From 8bcc0ccd571a001bcf1f428aceb2445ba0375fac Mon Sep 17 00:00:00 2001
From: linfeng-yuan <1102311262@qq.com>
Date: Wed, 17 Sep 2025 20:01:47 +0800
Subject: [PATCH] [bugfix] fix shared expert dp with hybrid kvcache (#2964)

### What this PR does / why we need it?
https://github.com/vllm-project/vllm-ascend/pull/2849 moves the
implementation of `shared_expert_dp` to torchair deepseek_modeling.
However, the calling of `set_forward_context` with `enforce_eager` and
`shared_expert_dp` falls back to the implementation of
model_runner_v1.py and set the global attn_metadata as a dictionary.

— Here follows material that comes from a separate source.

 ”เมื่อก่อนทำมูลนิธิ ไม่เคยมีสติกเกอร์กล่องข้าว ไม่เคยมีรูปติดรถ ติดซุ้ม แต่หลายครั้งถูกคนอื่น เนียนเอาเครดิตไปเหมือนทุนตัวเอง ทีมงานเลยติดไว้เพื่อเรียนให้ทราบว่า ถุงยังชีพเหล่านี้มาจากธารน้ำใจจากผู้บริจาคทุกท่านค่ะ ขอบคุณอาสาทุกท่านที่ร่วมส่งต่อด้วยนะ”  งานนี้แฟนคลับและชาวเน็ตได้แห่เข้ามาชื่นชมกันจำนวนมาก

It
leads to a RuntimerError when attn_metadata is got from the forward
context and used in torchair_deepseek_v2.py. This PR fixes this problem
by introducing the transformation of attn_metadata in this file.

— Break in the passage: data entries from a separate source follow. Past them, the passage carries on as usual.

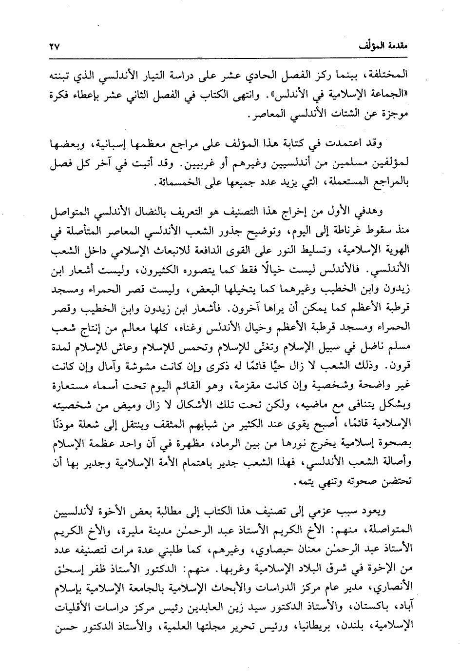 وهدفي الأول من إخراج هذا التصنيف هو التعريف بالنضال الأندلسي المتواصل منذ سقوط غرناطة إلى اليوم، وتوضيح جذور الشعب الأندلسي المعاصر المتأصلة في الهوية الإسلامية، وتسليط النور على القوى الدافعة للانبعاث الإسلامي داخل الشعب الأندلسي. فالأندلس ليست خيالاً فقط كما يتصوره الكثيرون، وليست أشعار ابن زيدون وابن الخطيب وغيرهما كما يتخيلها البعض، وليست قصر الحمراء ومسجد قرطبة الأعظم كما يمكن أن يراها آخرون. فأشعار ابن زيدون وابن الخطيب وقصر الحمراء ومسجد قرطبة الأعظم وخيال الأندلس وغناه، كلها معالم من إنتاج شعب مسلم ناضل في سبيل الإسلام وتغنّى للإسلام وتحمس للإسلام وعاش للإسلام لمدة قرون. وذلك الشعب لا زال حيًّا قائمًا له ذكرى وإن كانت مشوشة وآمال وإن كانت غير واضحة وشخصية وإن كانت مقزمة، وهو القائم اليوم تحت أسماء مستعارة وبشكل يتنافى مع ماضيه، ولكن تحت تلك الأشكال لا زال وميض من شخصيته الإسلامية قائمًا، أصبح يقوى عند الكثير من شبابهم المثقف وينتقل إلى شعلة موذنًا بصحوة إسلامية يخرج نورها من بين الرماد، مظهرة في آن واحد عظمة الإسلام وأصالة الشعب الأندلسي، فهذا الشعب جدير باهتمام الأمة الإسلامية وجدير بها أن تحتضن صحوته وتنهي يتمه.
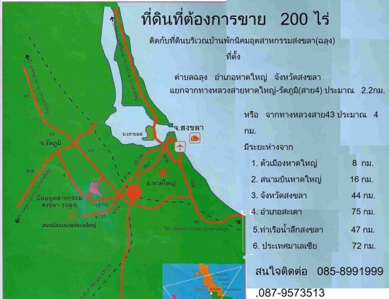 1.ขายที่ดินโครงการจัดสรร 200 ไร่ ติดเขตอุตสาหกรรมฉลุง จังหวัดสงขลา
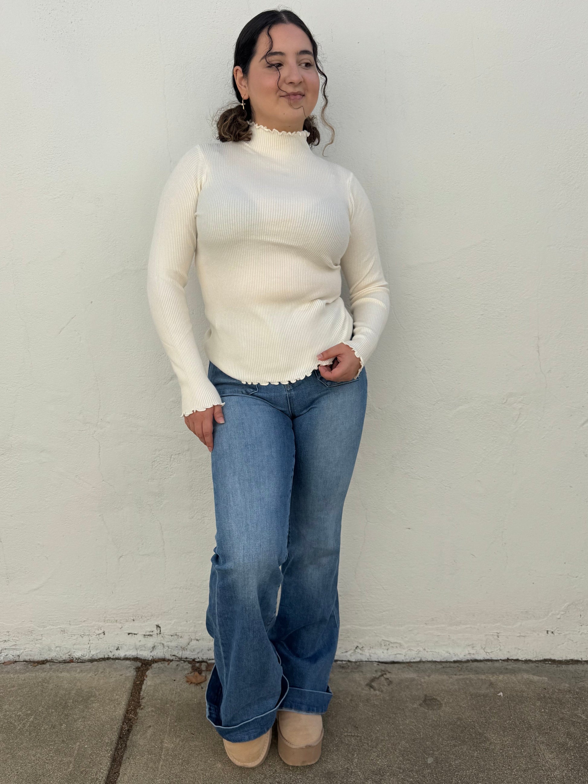 Long Sleeve Ribbed Turtle Neck Lettuce Trim
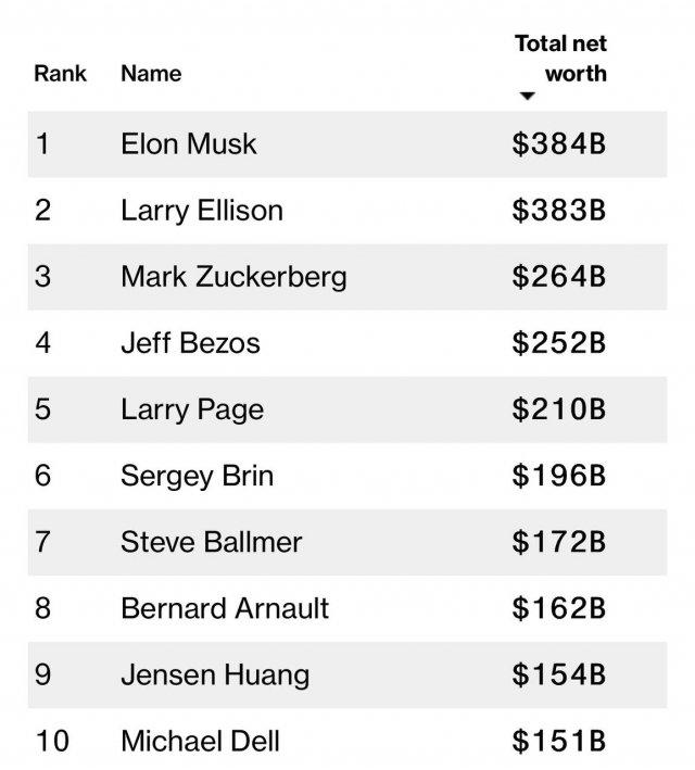 После заключения крупной сделки инвесторы принялись вкладываться в акции компании Oracle, где сооснователем является Ларри Эллисон. И в моменте его состояние увеличилось на 100 миллиардов долларов. По подсчетам Bloomberg, у Эллисона на счет было 393 млрд на балансе, у Маска - 385. Правда, длилось это недолго.

Note that current E2E testing lacks the case of deepseek with
`shared_expert_dp`. We need to add an ST with `shared_expert_dp` in
testing workflow.

### Does this PR introduce _any_ user-facing change?
No.
### How was this patch tested?
e2e vllm serving with `enable_shared_expert_dp: true` passed.

- vLLM version: v0.10.2
- vLLM main:
https://github.com/vllm-project/vllm/commit/de3e53a75ba9f31f446926911b7c44561af3b2ee

Signed-off-by: linfeng-yuan <1102311262@qq.com>
---
 vllm_ascend/torchair/models/torchair_deepseek_v2.py | 2 ++
 1 file changed, 2 insertions(+)

diff --git a/vllm_ascend/torchair/models/torchair_deepseek_v2.py b/vllm_ascend/torchair/models/torchair_deepseek_v2.py
index 845793d..697776a 100644
--- a/vllm_ascend/torchair/models/torchair_deepseek_v2.py
+++ b/vllm_ascend/torchair/models/torchair_deepseek_v2.py
@@ -813,6 +813,8 @@ class TorchairDeepseekV2DecoderLayer(DeepseekV2DecoderLayer):
             residual = get_tp_group().all_gather(residual, 0)
 
             attn_metadata = get_forward_context().attn_metadata
+            if attn_metadata is not None and isinstance(attn_metadata, dict):
+                attn_metadata = attn_metadata['model.layers.0.self_attn.attn']
             if attn_metadata is not None:
                 num_tokens = attn_metadata.num_actual_tokens
             else: